What is kaposiform hemangioendothelioma?

Kaposiform hemangioendothelioma (KHE) may look like a birthmark, but is actually a rare benign tumor caused by the abnormal growth of blood vessels. It can appear anywhere on the body, often on the head and neck but also on the stomach, back, arms and legs — even inside the chest, abdomen or bones.

Although KHE can grow, it doesn't spread to other locations in a child's body. A mild form of KHE, called tufted angioma, is less likely to cause complications or require treatment.

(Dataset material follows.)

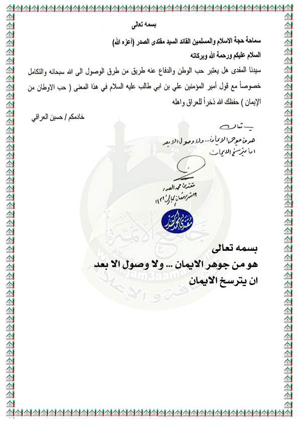 حب الوطن قيمة أخلاقية عليا على ضوء أحاديث أمير المؤمنين عليه

How we care for kaposiform hemangioendothelioma

Because kaposiform hemangioendotheliomas are so rare, very few doctors have experience diagnosing and treating them. The Vascular Anomalies Center (VAC) at Boston Children's Hospital has evaluated more children with KHE than any other hospital in the world. The VAC's 25 physicians — representing 16 medical and surgical specialties — draw on those experiences to redefine the best therapies and achieve better long-term outcomes for children with KHE.

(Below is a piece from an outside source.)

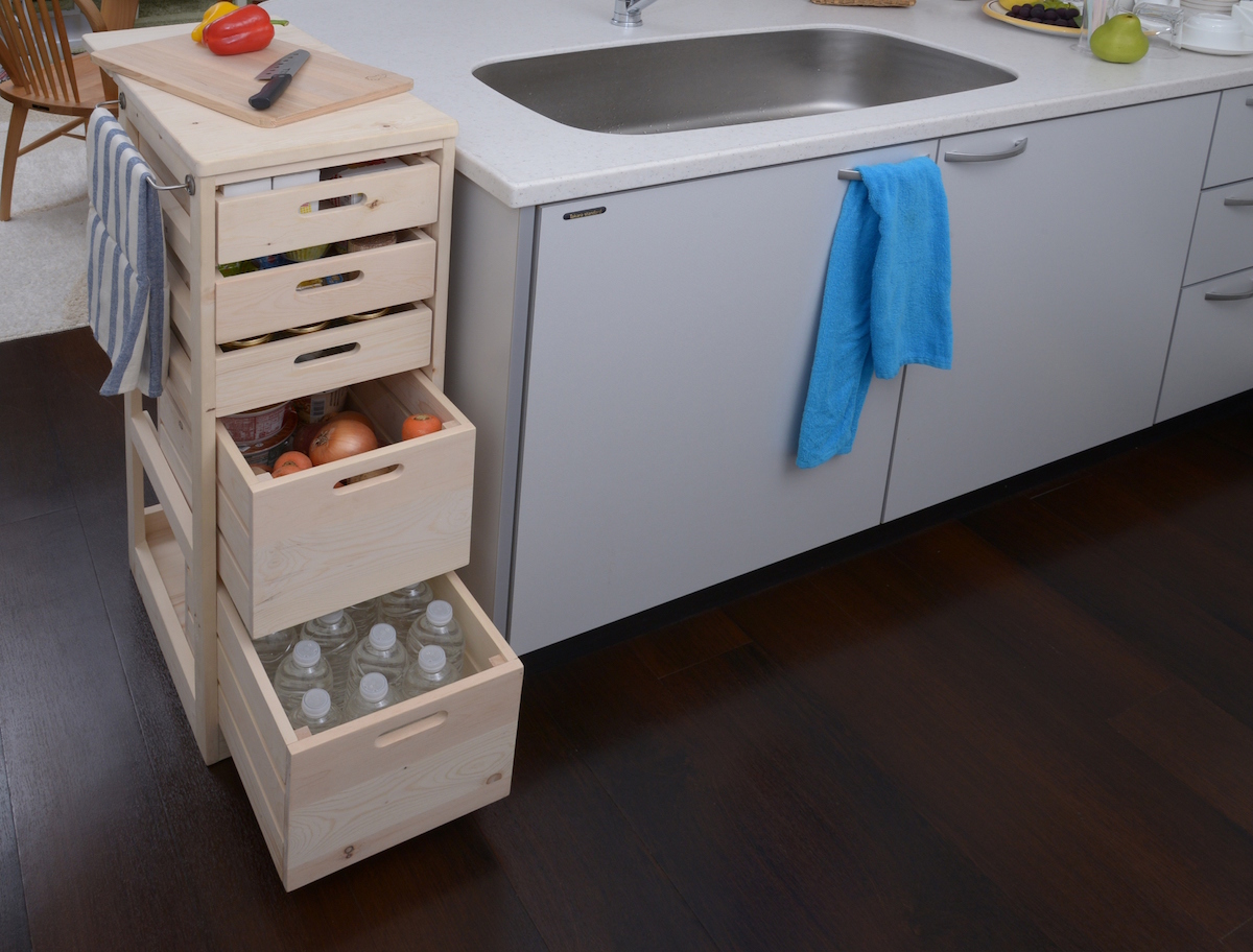 調味料からペットボトルまで様々な形状のモノを収納できるよう、引き出しに浅型を追加。天板は40cmから60cmまで広がるバタフライテーブルとし、キッチンカウンターと合わせて作業台として使える高さ(90cm)に設定した。

Our areas of innovation for kaposiform hemangioendothelioma

Physicians and researchers at the VAC have generated an extensive database of cases of vascular anomalies, including more than 250 cases of KHE. We are actively evaluating the best therapies for KHE and studying long- term outcomes after KHE. As our database grows, it will help shine more light on this rare and often misunderstood condition.

In 2015, we opened a clinical trial comparing vincristine and sirolimus in patients with KHE complicated by KMP. This randomized, controlled, multicenter trial involving several institutions around the country will answer questions about which of these medications is a better treatment for KHE.